Yesterday morning Philip called and said that Karen had just passed away. En route to see him, I thought about how meaningful Psalm 121, read by Abby and Emily and Elizabeth, had been for the Callen family just two days before. And I remembered how precious Holy Communion had been for both Phil and Karen just two weeks ago, how she always said “thank you” for this holy gift. So I asked Phil if he’d like to partake, and he readily said “yes.” With his granddaughter, Morgan, who just then arrived, we listened to Psalm 121, and we celebrated this gift of forgiveness and life and salvation in communion with Jesus and with one of his most recent arrivals in heaven. Yesterday morning in the midst of all the brokenness Phil and his family was experiencing, Jesus gave us words and a wisdom, words stronger than our fears, a wisdom that somehow knew that God’s love and mercy and the promise of eternal life would not fail us.
I hope you’re hearing that you and I can trust this promise of Jesus in the hard times in our lives. It is exactly in the hard times, the scary times when we’d prefer just to be invisible, when we don’t want to be embarrassed or shamed, or, in these very polarized times, when we really need to express our convictions, when we know we should speak up when we know something is being said that is unjust or false, when we’re afraid of saying the wrong thing, that is exactly when our Savior and Lord gives us the words, gives us the wisdom we need to impart.
Know that it is in the very midst of the work to which each of us is called that Jesus gives us his words, this wisdom. I believe Phil’s email to me Friday and our subsequent phone call was God calling me to work, to spend time with him and with Karen before the day was over. As I think about the Second Reading for today, I believe St. Paul would want us, all of us, to know that there is something God calls us to do every day of our lives. This work will always be respectful of our individual abilities (some of which we never thought we had because we had never exercised them or practiced them or been called to use them before). This calling, this work of God when accompanied by Jesus’ words and wisdom will always be for the sake of the community, for the blessing of our life together, for our common good.
I think about the funeral for Ron on Thursday. It was just about 20 minutes before the service was to begin when Bob, looking at the pretty bare altar, asked me if we would be celebrating Holy Communion. In that moment I realized I had not remembered to alert members of the Altar Guild that Communion would be part of the service.
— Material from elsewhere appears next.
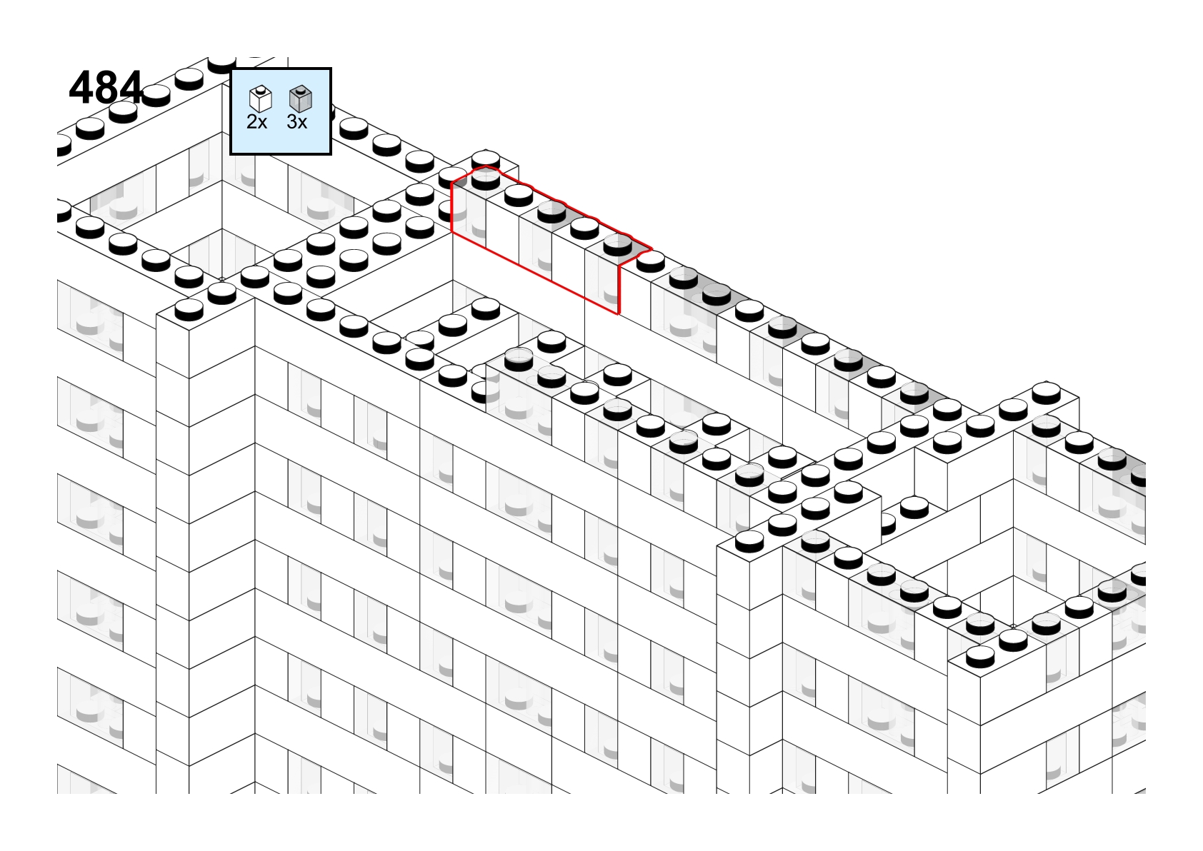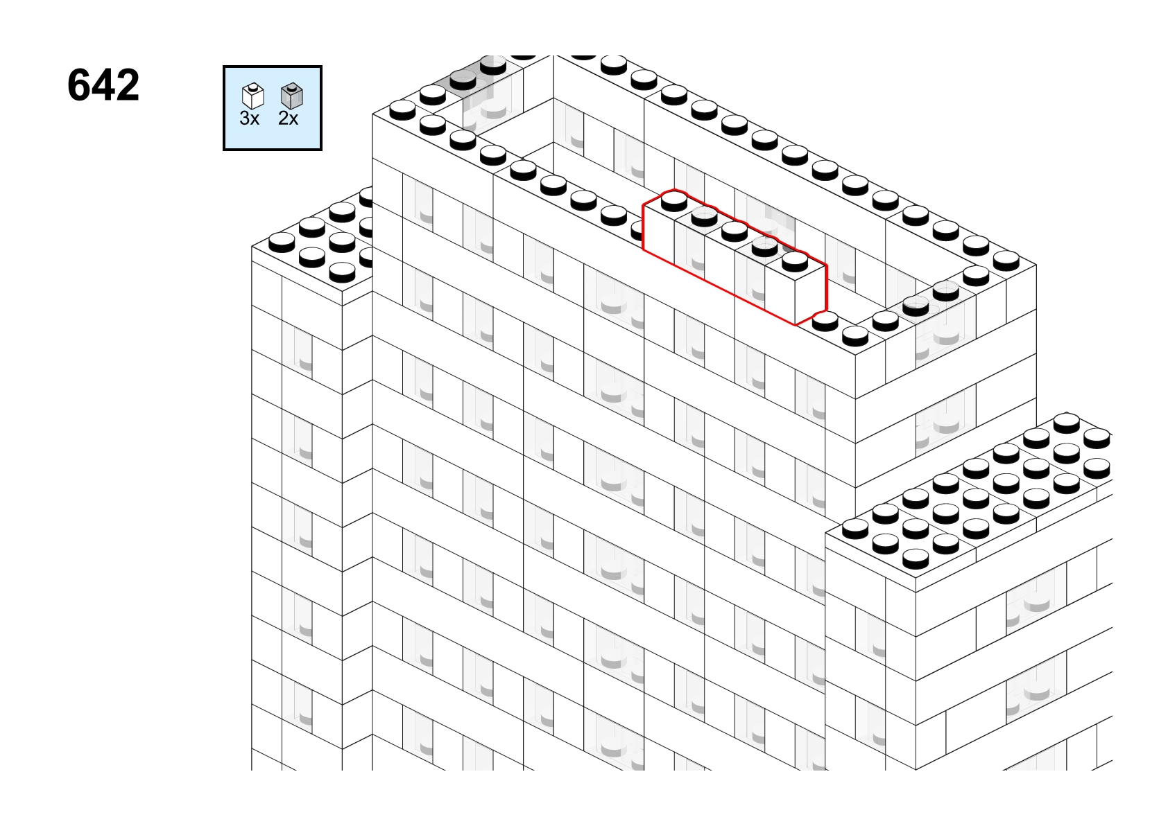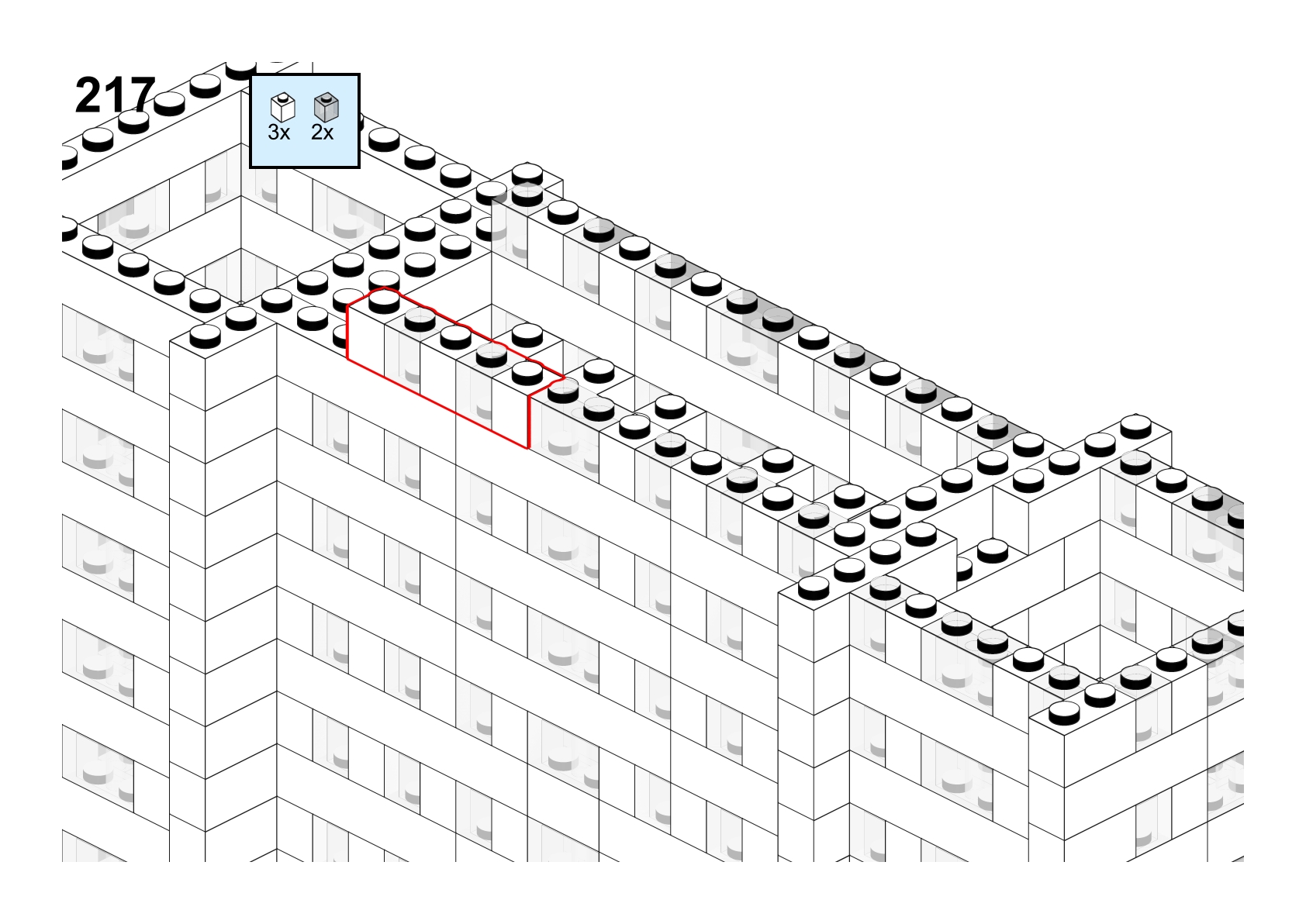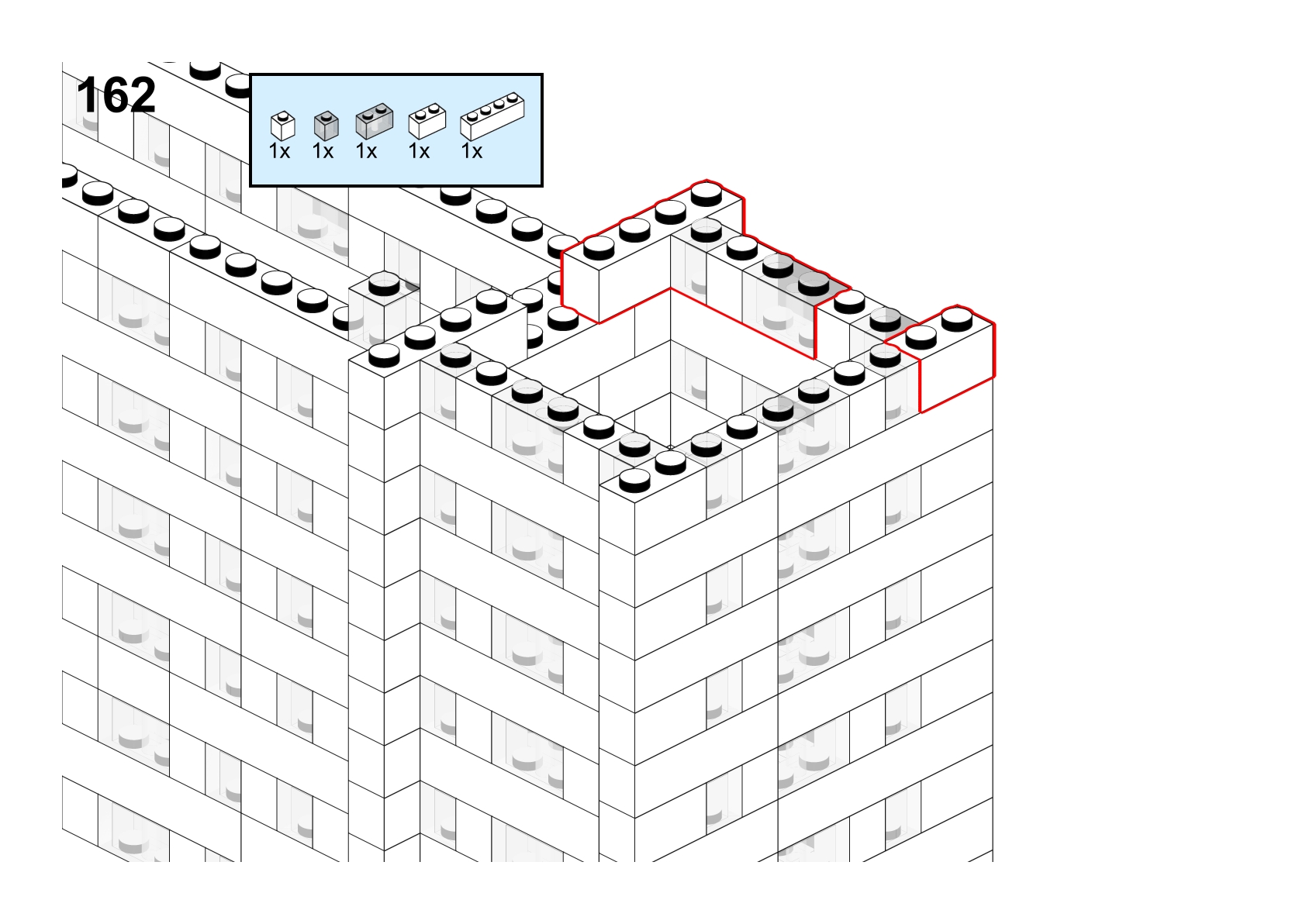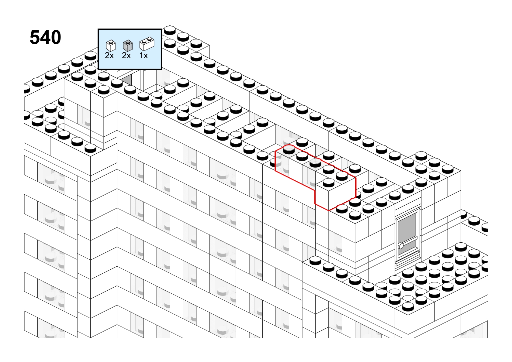 I have built it recently, and included a lighting system. I deviated a bit from the plan and inventory bellow to make it slightly lighter but same height and width. I have added a Hotel sign on top of the doors. Also the top 6 floors level in this version is 6 slots wide which makes it more comfortable, and I have reduced the number of inner reinforcement. It is stable and relatively solid. I’ll drop the insructions and inventory soon.

So I went to those working in the kitchen who already had their hands full, who said, “Talk to Charlene.” Which I did….and my potential embarrassment was averted. (Had I not just shared this with you, except for Bob, Linda, Meredith, Luanne, Nora, and Charlene, no one would known that I would probably progressed well into the service before realizing my oversight.) In that moment God had given quiet work for a number of us to do so that all of us would be blessed.
Truly it is in the midst of Jesus’ gift of words and wisdom that Jesus calls us to work. (For me to heed Jesus’ calling I needed to show up at Robinwood Landing Friday night and yesterday morning. I needed to work, to be in Phil and Karen’s’ life at this particular moment as Karen’s earthly journey was ending.)
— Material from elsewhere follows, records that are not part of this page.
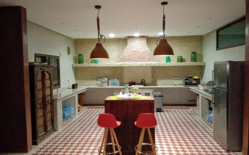À louer en longue durée, splendide villa meublée en très bon état, située sur la route d’Amizmiz – Marrakech, sur un vaste terrain d’1 hectare arboré de beaux oliviers et de diverses plantations. Un véritable havre de paix avec puits privé, idéal pour ceux qui recherchent tranquillité et nature à seulement quelques kilomètres de Marrakech. La villa dispose d’une surface habitable de 460 m², comprenant un grand jardin entretenu, une belle piscine privée pour se rafraîchir, ainsi qu’un garage.L’intérieur se compose de 4 suites spacieuses, 4 salles de bain, 2 salons lumineux dont un équipé d’une cheminée, et une cuisine américaine moderne et fonctionnelle. L’ensemble est entièrement meublé avec goût, prêt à accueillir ses futurs occupants dans un cadre chaleureux et confortable. Une propriété rare à découvrir pour une vie de qualité entre calme, espace et nature.Prix de location : 30 000 DH/Mois Réf agence: VLM-205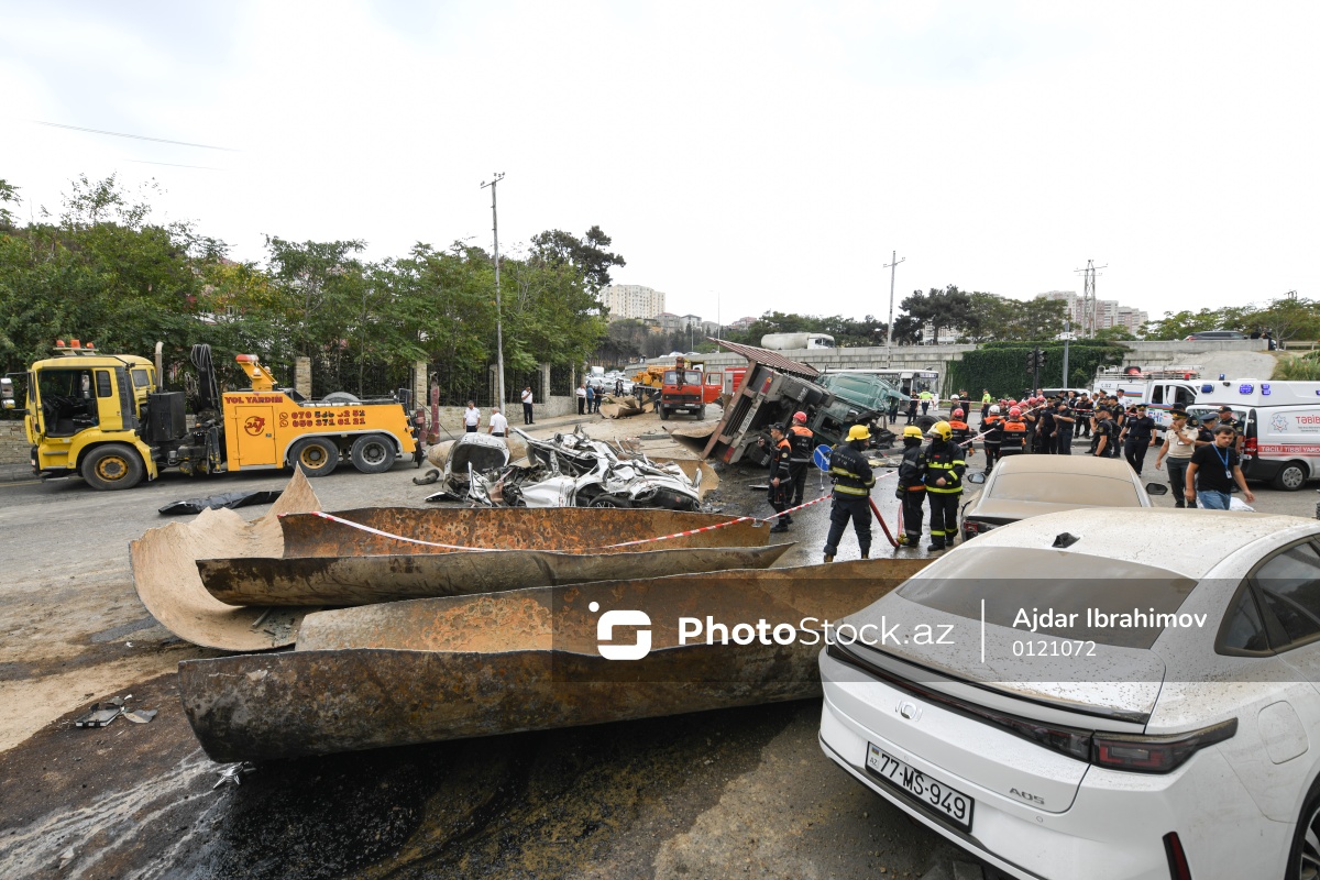Bakıda yük maşını körpüdən avtomobillərin üstünə aşdı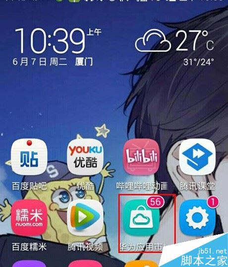 首先在手机桌面上,找到“应用市场”图标,然后点击打开:

There are no exceptions. At any given time, at whatever stage of life we find ourselves, with whatever our weaknesses or limitations or disabilities, all of us are called, called to work each day of our lives as the Lord directs. Paul’s words in this letter to the Thessalonians and at times to us are both harsh and loving: Beloved…we hear that some of you are living in idleness, mere busybodies, not doing any work. Now such persons we command and exhort in the Lord Jesus Christ to do their work quietly…Brothers and sisters, do not be weary in doing what is right.